Medtronic was one of the first companies to win approval for a hybrid closed-loop system back in 2016. The MiniMed 670G system was the first system of its kind to win clearance globally. While it wasn’t a fully standalone artificial pancreas, the system was one step closer toward developing a fully capable closed-loop system.
Other companies in the race to make the first artificial pancreas include Bigfoot Medical, which has a partnership with Abbott. Other companies include Tandem Diabetes, Insulet, Beta Bionics and more.
However, with the hype of closed-loop systems, some people have taken on the task of hacking and DIY-ing their own diabetes devices. The FDA warned in 2019 against using unauthorized devices for diabetes management as it could lead to incorrect insulin dosing, which can be fatal.
There’s also a rise in continuous glucose monitor clearances. Continuous glucose monitors, like the implantable Eversense system, could replace the tedious fingersticks diabetics are tasked with to measure blood glucose levels. Abbott has already seen success with its FreeStyle Libre glucose monitoring system; the company in early 2019 touted real-world data showing reduced prolonged hypoglycemia better glucose control among system users. – DK
Transcatheter aortic valve replacement (TAVR) is a minimally invasive surgical procedure that replaces and repairs damaged heart valves. The procedure places a replacement valve where the aortic valve is, according to the American Heart Association. It is inserted similar to a stent in that the valve is fully collapsible and delivered to the valve site through a catheter.
The procedure was initially used as a last chance option for people with severe aortic disease, but the procedure saw ever-expanding indications through the 2010s. Recent studies suggest TAVR overall could be a safe alternative to traditional surgery. The FDA in August 2019 cleared heart valves made by Medtronic (NYSE:MDT) and Edwards Lifesciences (NYSE:EW) for use in patients at low risk from open-heart surgery.
The success of TAVR has sparked a race to commercialize transcatheter mitral valve replacement devices. – DK
1. Robotic surgery expands
Pioneered by Intuitive Surgical (NSDQ:ISRG) through the early 2000s, robot-assisted surgery became a hot medtech area in recent years — with a host of major medical device company seeking to break into the space.

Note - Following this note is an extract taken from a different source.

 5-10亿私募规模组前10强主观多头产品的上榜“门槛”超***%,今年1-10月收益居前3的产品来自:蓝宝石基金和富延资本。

Medtronic in 2019 unveiled its much-awaited Hugo RAS system — which the medical device giant touted as more flexible and cost-effective than systems presently on the market.

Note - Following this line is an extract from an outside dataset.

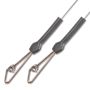 Diese Drahtspuren werden mit japanischem siebensträngigem Draht mit mattschwarzen Wirbel der Größe acht und schwarzen Kupfer-Quetschhülsen montiert. Die Quetschhülsen werden dann mit einer Spezialmaschine mit präzisem Luftdruck gespannt, damit sie perfekt fest gequetscht werden. Die Quetschungen werden dann mit Silikon ummantelt, um die Sicherheit und die Präsentation des Riggs zu gewährleisten. Sie haben einen sicheren Sicherheitsclip, um Köder schnell und einfach zu befestigen. Sie sollten immer eine Drahtspur über dem Köder einsetzen, um sicherzustellen, dass Sie weniger Fische verlieren, denn Hechte durchschneiden Mono im Handumdrehen.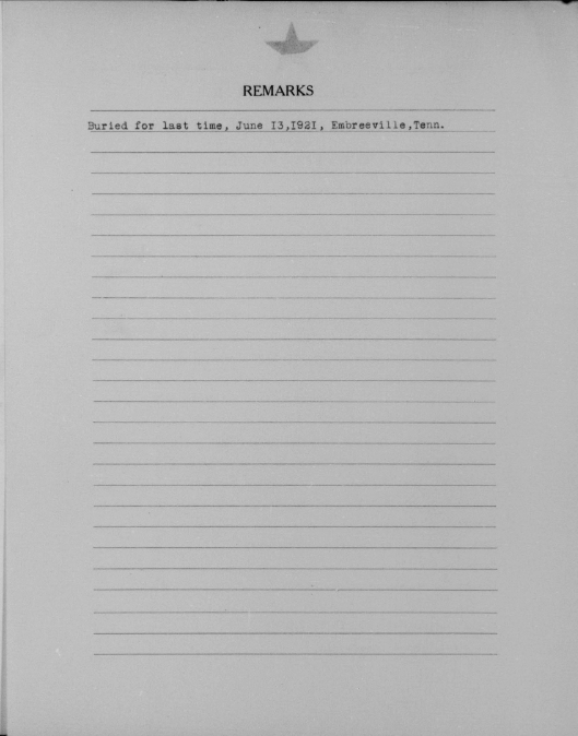 - Burial/Memorial Location: Bumpus Cove Cemetery, Embreeville, TN

Johnson & Johnson (NYSE:JNJ) closed the year by announcing its purchase of the remaining stake in Verb Surgical — following what J&J described as a successful strategic collaboration with the Alphabet (NSDQ:GOOGL) life sciences unit Verily. J&J’s Ethicon subsidiary in February inked a $3.4 billion deal to pick up surgical robotics pioneer Dr. Fred Moll’s newest robotic surgical play, Auris Health, and its FDA-cleared Monarch platform.
Intuitive, meanwhile, continues to innovate when it comes to robot-assisted soft-tissue surgery. Its da Vinci SP robot for single-port surgery has a tube that is about an inch wide and delivers fully articulating instruments: three that can manipulate things and one that’s a steerable endoscope. The robot is in the process of launching in the United States.
Robots are also hot in the orthopedic surgery space. More than six years after spending $1.7 billion to acquire Mako Surgical, Stryker is leading the way. Big competitors including Johnson & Johnson’s DePuy Synthes business, Zimmer Biomet and Smith & Nephew have either launched or are preparing to launch their own robots.
In December 2018, Medtronic closed on its $1.7 billion purchase of Mazor Robotics and its robot-assisted surgery platform for the spine. A month later, Medtronic launched its Mazor X Stealth robotic-assisted spinal surgical platform in the U.S.